Reviews For The Easily Distracted:
Snitch

Title: Snitch

When Will We, As A Nation, Stop Snitching? To be honest with you, I never knew this was a thing. Like, when I was a kid, we all knew from hours spent watching Kojak and The Rockford Files that witnesses were always to afraid to talk. Was there some surge of conscience in the '80s and '90s that I missed?

Rating Using Random Objects Relevant To The Film: Two-and-a-half bags of cement out of five.

Brief Plot Synopsis: Burly trucking company owner agrees to set up drug dealers to free son from looming mandatory minimum sentencing, glares a lot.
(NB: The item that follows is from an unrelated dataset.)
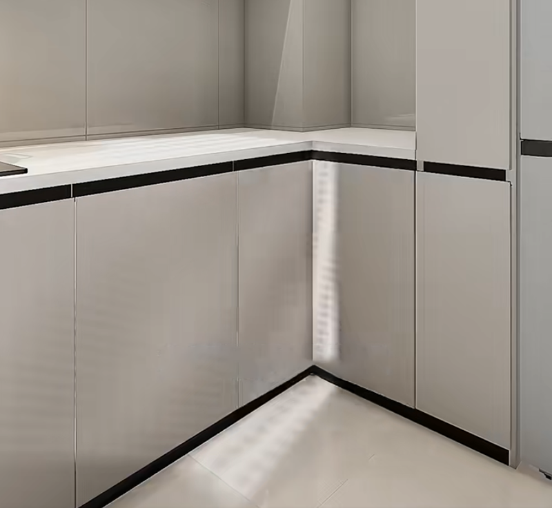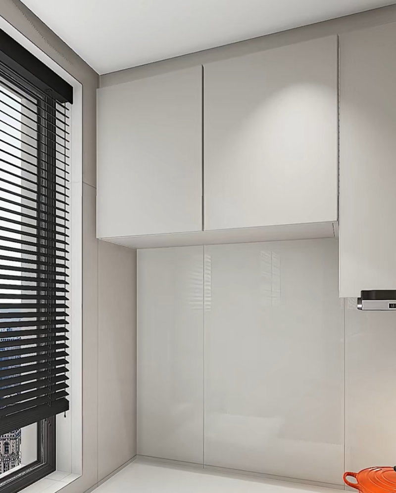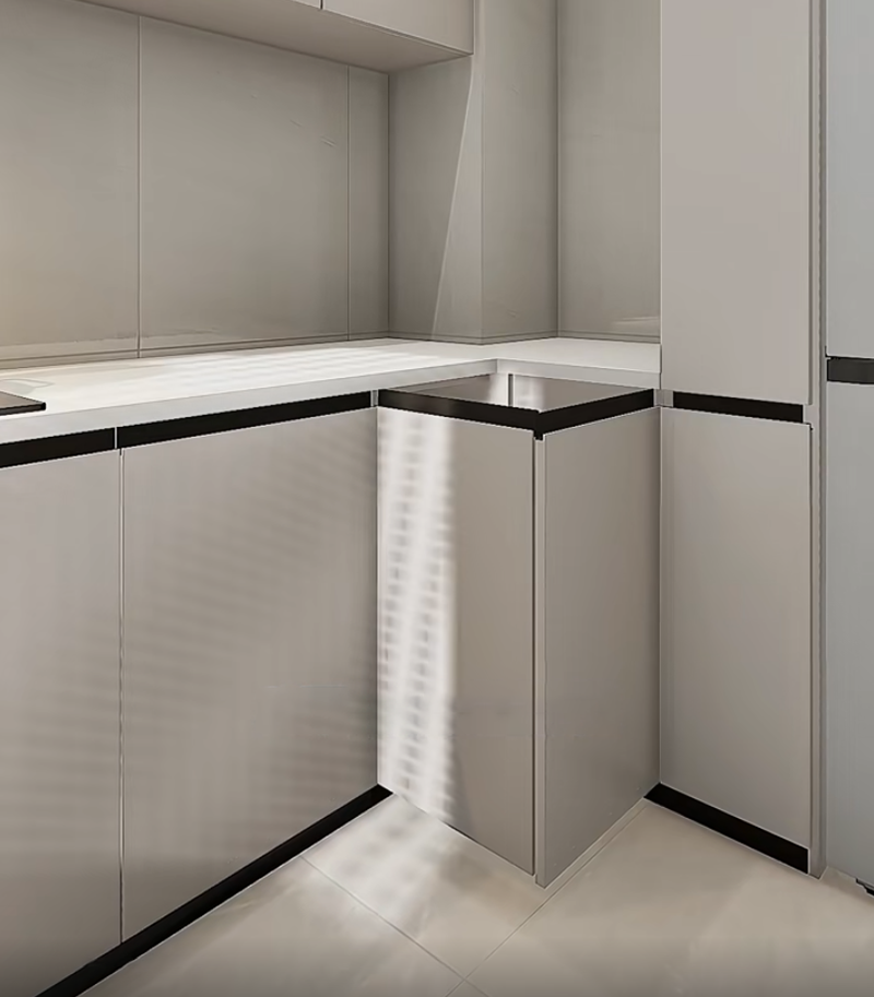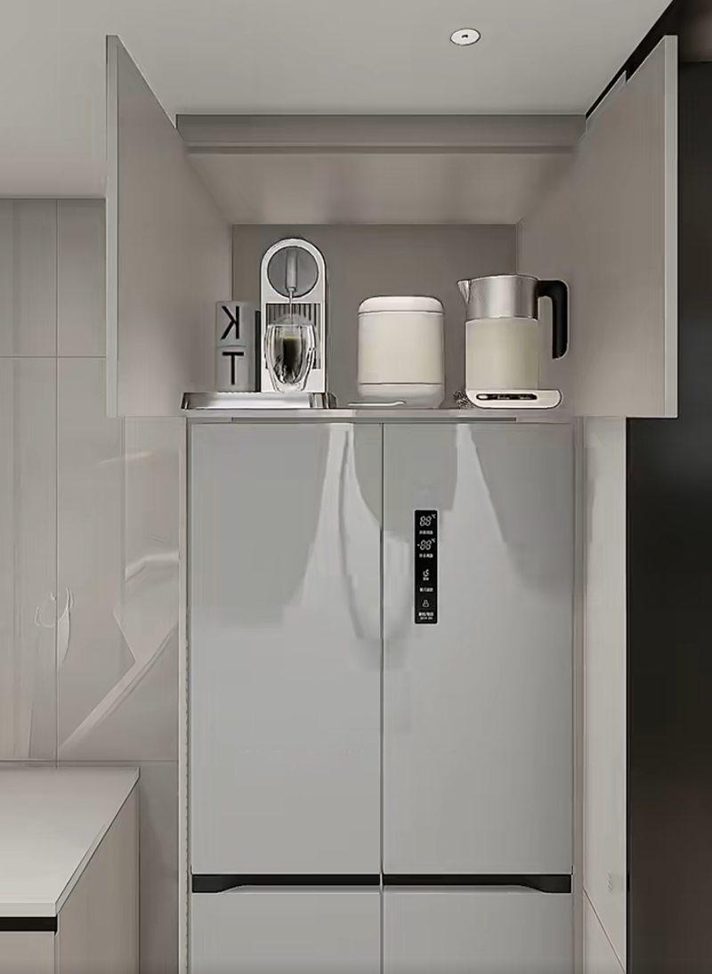 صمم خزانة جانبية ضيقة قابلة للسحب (حوالي 25 سم عرضًا) بجانب الثلاجة. قم بإنشاء أقسام متعددة داخلها لحفظ التوابل المستخدمة بشكل شائع مثل صلصة الصويا والخل. عمق الخزانة المنزلقة هو نفس عمق الثلاجة، وهي غير مرئية تمامًا عند إغلاق الباب. عند الطهي، يمكنك سحب التوابل بسهولة، وهي أسرع بـ 10 مرات من البحث في الخزائن.

Tagline: "How far would you go to save your son?"

Better Tagline: "How big of a dumbass is the son in question?"

Not So Brief Plot Synopsis: Jason Matthews (Rafi Gavron) is busted by the DEA after his friend mails him 7,000 Ecstasy pills and subsequently rats him out. He's facing a mandatory minimum sentence of ten years in federal prison unless he fingers someone higher up, which of course he can't do. Now it's up to his dad John (Dwayne Johnson), who agrees to work with the U.S. Attorney (Susan Sarandon) to go undercover and make arrests to reduce Jason's sentence. What could possibly go wrong?

Can You, In Fact, Smell What The Rock Is Cooking? Please, this is a serious film. The name is Dwayne Johnson.

"Critical" Analysis: There should be a Constitutional amendment preventing Johnson from playing "Everyman" characters. No amount of sensible cotton button-down shirts or understated sports coats can hide the fact the guy is built like, well, a professional wrestler. Whatever Snitch's other flaws (and there are several), one of the most glaring is how we never for one second doubt "John Matthews" -- his chest and deltoids straining mightily against any fabric draped across his torso -- will come out on top.

He's setting an unrealistic standard for middle-aged fathers everywhere, dammit.

Which is too bad, because for all the Fast and the Furious marketing, Snitch wants to be a message movie. It's produced by Participant Media, the company behind such other consciousness-raising films as Syriana, The Cove, Fair Game, and, uh, Furry Vengeance. PM very much wants to hammer home the capriciousness of mandatory minimums, even for those whose only crime was being an idiot (Jason could've saved himself and his dad a great deal of hassle if he'd just told the delivery guy he had the wrong address for those pills he told his friend not to ship in the first place).

On another level, Snitch is about fatherhood. Johnson is the extreme example of parenting responsibility, endangering life and limb (and his new wife and daughter -- he and Jason's mom are divorced) to save his boy from a decade of beatings and worse. Then you have Matthews' new employee Daniel (Jon Bernthal). a two-striker trying to stay on the straight and narrow for his own little boy. Even cartel boss "El Topo" (Benjamin Bratt) tries, in his own odd way, to impart crucial life lessons on his own son.

So the answer to the question posed by the movie's poster -- how far would you go save your son (and daughter, we'll just throw that in there)? -- is obvious. In Matthews' case, he'll use his trucking company to offer local drug dealer Malik (played by The Wire's Michael K. Williams) transportation for his product. The problem comes when Malik's cartel bosses realize how useful having a dedicated tractor-trailer service at their disposal can be, and when U.S Attorney Keeghan realizes she has a shot at taking down a cartel boss.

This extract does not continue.